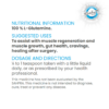 Brain health and stability: L-Glutamine is known in balancing brain health and is a major fuel source for the brain.
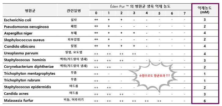 <락토바실러스 발효여과물[Éden Pur ™] 의 병원성 미생물들에 대한 항균력시험 결과>
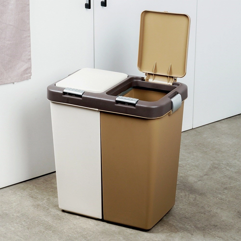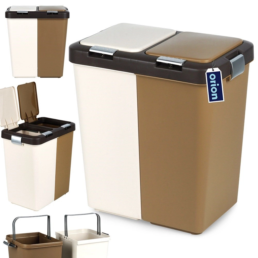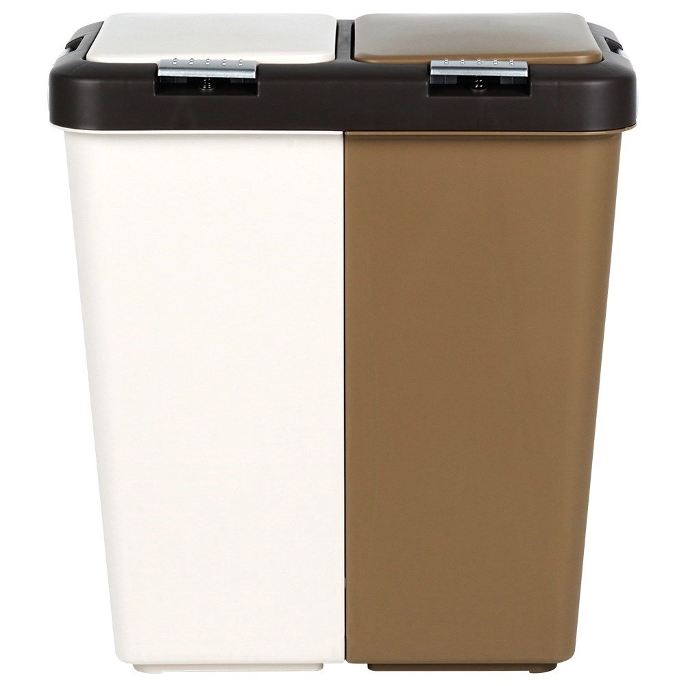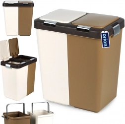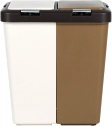 Koš je vyroben z kvalitního a odolného plastu v nadčasové kombinaci bílé a hnědé, takže se hodí do kuchyně, kanceláře, čekárny i pracovny. Dvě komory v jednom těle šetří místo, které by jinak zabraly dva samostatné koše.

● Assignment
The response consists of the data above printed line for line, with no pictures.

● Solution below
 Brain health and stability: L-Glutamine is known in balancing brain health and is a major fuel source for the brain.
 <락토바실러스 발효여과물[Éden Pur ™] 의 병원성 미생물들에 대한 항균력시험 결과>
 Koš je vyroben z kvalitního a odolného plastu v nadčasové kombinaci bílé a hnědé, takže se hodí do kuchyně, kanceláře, čekárny i pracovny. Dvě komory v jednom těle šetří místo, které by jinak zabraly dva samostatné koše.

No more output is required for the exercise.